Assignment: Below are lines of records; copy exactly those from the one containing "I Nederland, en" through the one containing "Perfect als een", leaving the pictures behind.

Task material:
__________________________________________________

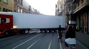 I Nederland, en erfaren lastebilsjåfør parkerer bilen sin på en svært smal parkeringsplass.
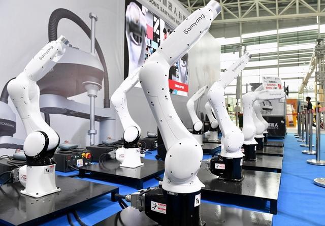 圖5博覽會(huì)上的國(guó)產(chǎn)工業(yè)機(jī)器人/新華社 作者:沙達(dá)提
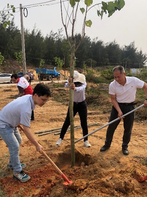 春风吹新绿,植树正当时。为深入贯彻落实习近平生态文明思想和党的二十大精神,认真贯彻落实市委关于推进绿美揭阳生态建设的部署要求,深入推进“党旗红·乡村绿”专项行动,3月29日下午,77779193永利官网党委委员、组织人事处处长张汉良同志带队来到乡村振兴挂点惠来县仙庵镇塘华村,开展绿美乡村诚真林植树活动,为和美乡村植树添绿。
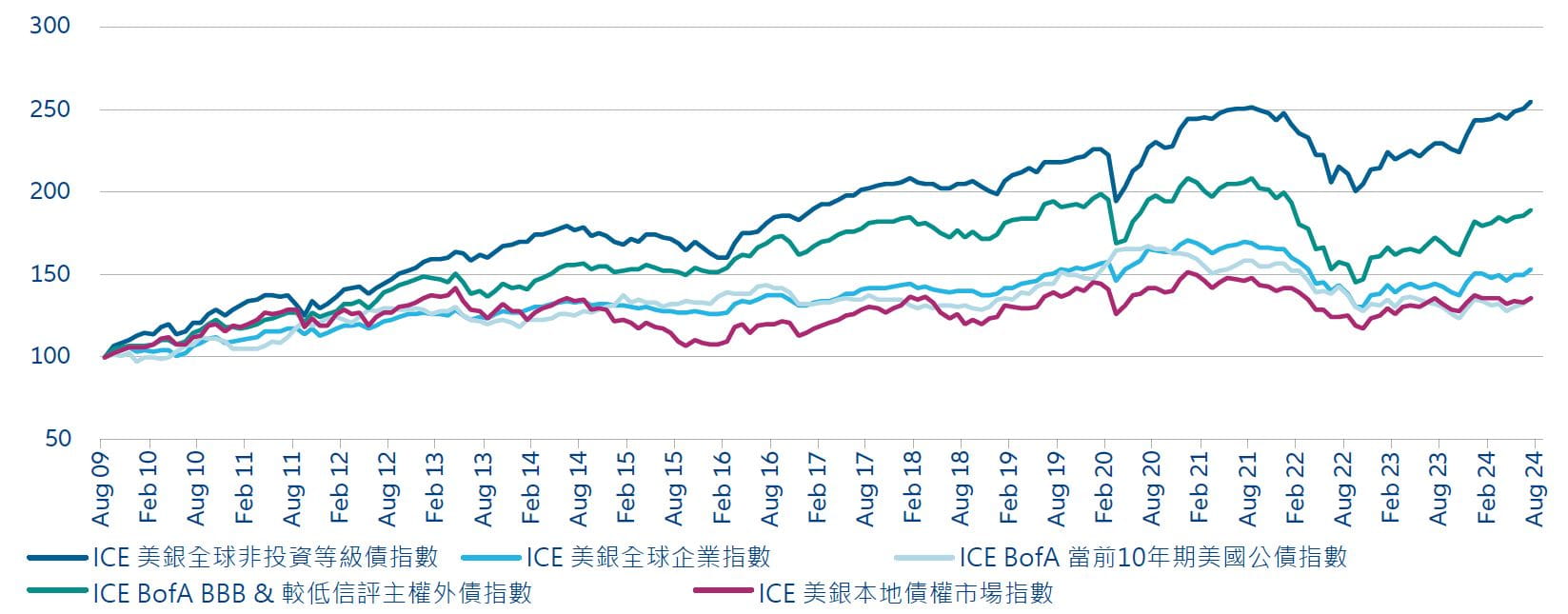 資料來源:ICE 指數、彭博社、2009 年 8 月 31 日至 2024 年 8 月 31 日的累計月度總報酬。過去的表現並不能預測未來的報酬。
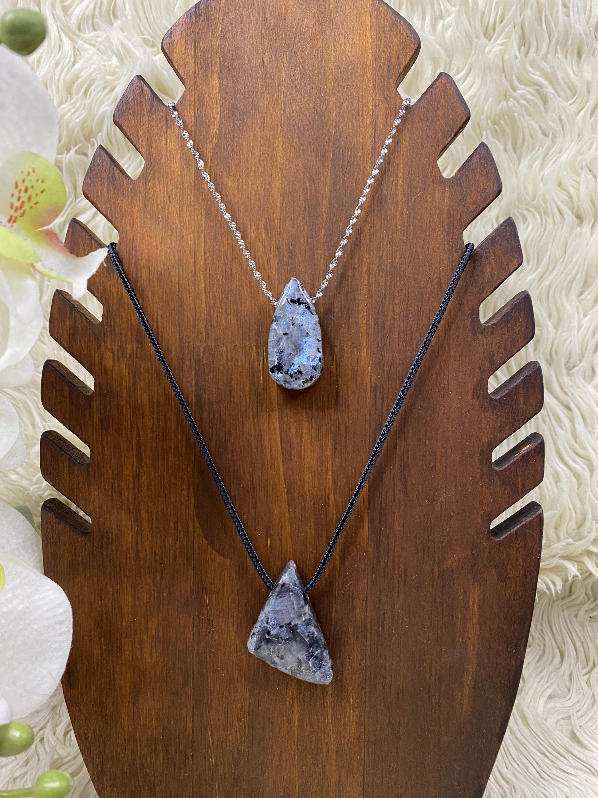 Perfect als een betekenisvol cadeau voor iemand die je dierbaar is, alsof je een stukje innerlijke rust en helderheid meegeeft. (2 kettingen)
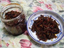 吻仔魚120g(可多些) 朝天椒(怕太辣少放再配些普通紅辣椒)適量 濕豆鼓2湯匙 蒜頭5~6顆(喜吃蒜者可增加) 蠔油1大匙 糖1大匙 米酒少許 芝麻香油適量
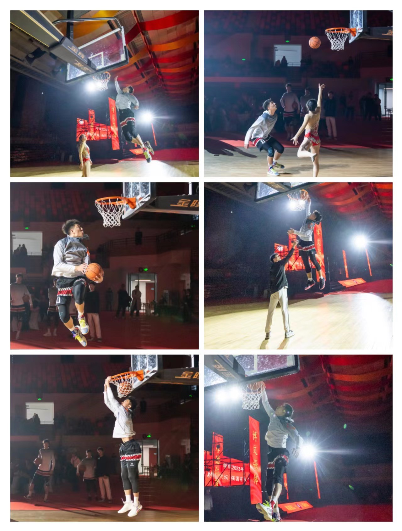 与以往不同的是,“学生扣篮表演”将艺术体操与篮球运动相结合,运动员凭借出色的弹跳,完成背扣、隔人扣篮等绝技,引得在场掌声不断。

__________________________________________________

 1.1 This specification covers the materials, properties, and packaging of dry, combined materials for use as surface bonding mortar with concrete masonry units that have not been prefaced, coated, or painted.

__________________________________________________

Exercise result:
 I Nederland, en erfaren lastebilsjåfør parkerer bilen sin på en svært smal parkeringsplass.
 圖5博覽會(huì)上的國(guó)產(chǎn)工業(yè)機(jī)器人/新華社 作者:沙達(dá)提
 春风吹新绿,植树正当时。为深入贯彻落实习近平生态文明思想和党的二十大精神,认真贯彻落实市委关于推进绿美揭阳生态建设的部署要求,深入推进“党旗红·乡村绿”专项行动,3月29日下午,77779193永利官网党委委员、组织人事处处长张汉良同志带队来到乡村振兴挂点惠来县仙庵镇塘华村,开展绿美乡村诚真林植树活动,为和美乡村植树添绿。
 資料來源:ICE 指數、彭博社、2009 年 8 月 31 日至 2024 年 8 月 31 日的累計月度總報酬。過去的表現並不能預測未來的報酬。
 Perfect als een betekenisvol cadeau voor iemand die je dierbaar is, alsof je een stukje innerlijke rust en helderheid meegeeft. (2 kettingen)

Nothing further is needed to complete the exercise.